LONDRA, 17 giugno 2026 – Un nuovo studio mondiale dell'Institute for Business Value di IBM (NYSE: IBM) rileva che, sebbene la sovranità dell'AI sia diventata un imperativo aziendale per le imprese in tutta la regione EMEA, la maggior parte delle organizzazioni intervistate rimane bloccata in sistemi di AI che non possono facilmente cambiare e molte mancano di conoscenza delle proprie dipendenze da fornitore, modello e infrastruttura.

Con l'83% degli amministratori delegati a livello globale che ritiene ormai indispensabile garantire la sovranità dell’AI nelle strategie aziendali, e in un contesto politico europeo in rapida evoluzione, i leader si trovano sotto una pressione crescente per mostrare con precisione come vengono gestiti i dati e come operano i sistemi. Tuttavia, molti non hanno ancora il livello di visibilità necessario per farlo in modo realmente efficace.

Sulla base delle informazioni raccolte da 370 dirigenti senior nell’area EMEA e 1.000 a livello globale, lo studio “The Calculus of AI Sovereignty” rivela che solo il 10% degli intervistati (14% in Italia) in EMEA ha una solida comprensione delle dipendenze della propria organizzazione in termini di fornitori di AI, modelli e infrastrutture.

Inoltre, mentre la flessibilità operativa è diventata essenziale per garantire resilienza in un contesto di continue interruzioni globali, il 73% degli intervistati in EMEA (66% in Italia) ha ammesso che sarebbe difficile cambiare il proprio principale fornitore o modello di AI. Inoltre, il 70% dei dirigenti della regione (52% in Italia) afferma che rispettare i requisiti di residenza e sovranità dei dati nelle diverse aree geografiche è complesso, e crea difficoltà nello spostamento dei sistemi di AI o dei dati tra diversi ambienti.

A sottolineare l’importanza della libertà di scelta, il 71% degli intervistati in Europa (64% in Italia) afferma che accetterebbe un aumento dei costi del 20% pur di mantenere il rapporto con i fornitori di AI, se ciò migliorasse la flessibilità strategica.

La maggioranza dei dirigenti europei intervistati, compresi quelli italiani (81%) afferma che, se il proprio fornitore principale di AI dovesse subire un’interruzione di sette giorni o più, l’impatto sarebbe grave o critico, con un arresto significativo delle attività aziendali. Le organizzazioni intervistate hanno riportato una media di sette interruzioni operative legate all’AI negli ultimi due anni, causate dai servizi dei propri fornitori. In Italia i leader hanno dichiarato che la principale causa di queste interruzioni è dovuta a violazioni di sicurezza e dei dati.

Ana Paula Assis, Senior Vice President e Chair, EMEA e APAC di IBM, ha dichiarato nella prefazione dello studio: “Questo report mostra che solo una piccola parte dei dirigenti oggi comprende realmente le proprie dipendenze in ambito AI. Il divario tra adozione e controllo si sta ampliando proprio nel momento in cui l’AI diventa indispensabile.
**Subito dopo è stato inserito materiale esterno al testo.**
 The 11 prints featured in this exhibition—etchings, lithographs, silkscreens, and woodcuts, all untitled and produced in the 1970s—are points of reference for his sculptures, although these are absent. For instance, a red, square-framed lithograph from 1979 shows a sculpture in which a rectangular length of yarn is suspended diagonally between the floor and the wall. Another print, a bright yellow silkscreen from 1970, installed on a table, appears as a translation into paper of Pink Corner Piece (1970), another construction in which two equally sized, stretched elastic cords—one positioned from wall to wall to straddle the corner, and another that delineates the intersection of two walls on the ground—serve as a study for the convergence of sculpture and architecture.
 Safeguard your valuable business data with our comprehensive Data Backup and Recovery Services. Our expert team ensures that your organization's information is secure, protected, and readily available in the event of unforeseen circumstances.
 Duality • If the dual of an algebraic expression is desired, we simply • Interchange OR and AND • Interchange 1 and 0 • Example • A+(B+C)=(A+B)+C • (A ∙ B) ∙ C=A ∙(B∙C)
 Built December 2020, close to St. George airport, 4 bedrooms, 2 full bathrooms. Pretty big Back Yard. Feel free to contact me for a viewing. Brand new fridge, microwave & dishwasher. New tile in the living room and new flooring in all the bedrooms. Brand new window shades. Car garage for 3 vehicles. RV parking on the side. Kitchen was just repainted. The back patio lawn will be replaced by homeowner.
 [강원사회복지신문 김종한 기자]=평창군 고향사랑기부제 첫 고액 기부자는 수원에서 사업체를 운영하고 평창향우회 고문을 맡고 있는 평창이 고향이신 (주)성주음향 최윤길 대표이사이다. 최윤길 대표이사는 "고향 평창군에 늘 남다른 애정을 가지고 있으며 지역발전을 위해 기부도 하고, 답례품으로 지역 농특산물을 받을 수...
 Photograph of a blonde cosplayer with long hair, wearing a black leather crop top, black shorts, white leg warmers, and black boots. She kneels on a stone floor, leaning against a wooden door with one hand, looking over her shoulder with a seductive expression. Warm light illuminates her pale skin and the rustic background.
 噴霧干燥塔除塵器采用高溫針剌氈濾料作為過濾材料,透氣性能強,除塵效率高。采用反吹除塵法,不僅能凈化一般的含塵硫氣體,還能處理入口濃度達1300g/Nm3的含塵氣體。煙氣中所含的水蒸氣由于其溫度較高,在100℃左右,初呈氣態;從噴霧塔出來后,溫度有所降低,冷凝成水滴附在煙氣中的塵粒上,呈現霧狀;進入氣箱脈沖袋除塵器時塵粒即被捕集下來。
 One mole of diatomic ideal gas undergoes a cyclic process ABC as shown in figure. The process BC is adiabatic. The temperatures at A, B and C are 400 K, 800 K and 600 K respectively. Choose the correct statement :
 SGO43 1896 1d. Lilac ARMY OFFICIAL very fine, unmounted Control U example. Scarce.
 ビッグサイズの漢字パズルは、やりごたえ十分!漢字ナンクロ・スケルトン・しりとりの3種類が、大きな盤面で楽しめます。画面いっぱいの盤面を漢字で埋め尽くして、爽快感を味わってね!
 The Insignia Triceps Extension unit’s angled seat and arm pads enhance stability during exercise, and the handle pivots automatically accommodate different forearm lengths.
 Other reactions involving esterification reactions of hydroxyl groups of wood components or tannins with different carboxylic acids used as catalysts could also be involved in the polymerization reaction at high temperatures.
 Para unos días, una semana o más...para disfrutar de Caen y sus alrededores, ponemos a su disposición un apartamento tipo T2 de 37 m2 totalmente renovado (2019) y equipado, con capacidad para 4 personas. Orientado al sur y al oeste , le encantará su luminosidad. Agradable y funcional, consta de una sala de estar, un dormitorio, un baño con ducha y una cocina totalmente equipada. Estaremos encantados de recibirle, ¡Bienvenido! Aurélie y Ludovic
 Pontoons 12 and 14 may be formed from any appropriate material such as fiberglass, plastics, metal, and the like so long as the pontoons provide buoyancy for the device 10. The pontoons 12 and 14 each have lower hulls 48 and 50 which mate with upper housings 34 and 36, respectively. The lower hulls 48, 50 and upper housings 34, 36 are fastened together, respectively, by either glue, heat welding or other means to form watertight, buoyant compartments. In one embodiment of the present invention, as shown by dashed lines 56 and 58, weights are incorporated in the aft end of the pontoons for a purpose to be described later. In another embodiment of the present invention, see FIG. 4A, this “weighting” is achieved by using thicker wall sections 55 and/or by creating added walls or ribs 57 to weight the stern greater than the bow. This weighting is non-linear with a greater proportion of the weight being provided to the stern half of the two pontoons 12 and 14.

Per le imprese, la combinazione di tecnologia open source e controllo è ciò che consente una sovranità selettiva: ottenere il giusto livello di autorità dove più conta, senza sostenere i costi di un’indipendenza totale ovunque.”

La maggior parte delle organizzazioni intervistate descrive i propri ambienti di AI come intenzionalmente multi‑vendor (73%), ma la diversità dei fornitori, nella pratica, sembra essere guidata meno da una strategia deliberata e più da realtà operative e interne:

  • Le decisioni indipendenti delle singole business unit (68%) e le necessità geografiche (67%) emergono come principali fattori.
  • Anche la complessità dei sistemi legacy è citata diffusamente (53%), riflettendo fusioni, acquisizioni e decisioni storiche – comuni nelle organizzazioni, ma più raramente il fattore determinante.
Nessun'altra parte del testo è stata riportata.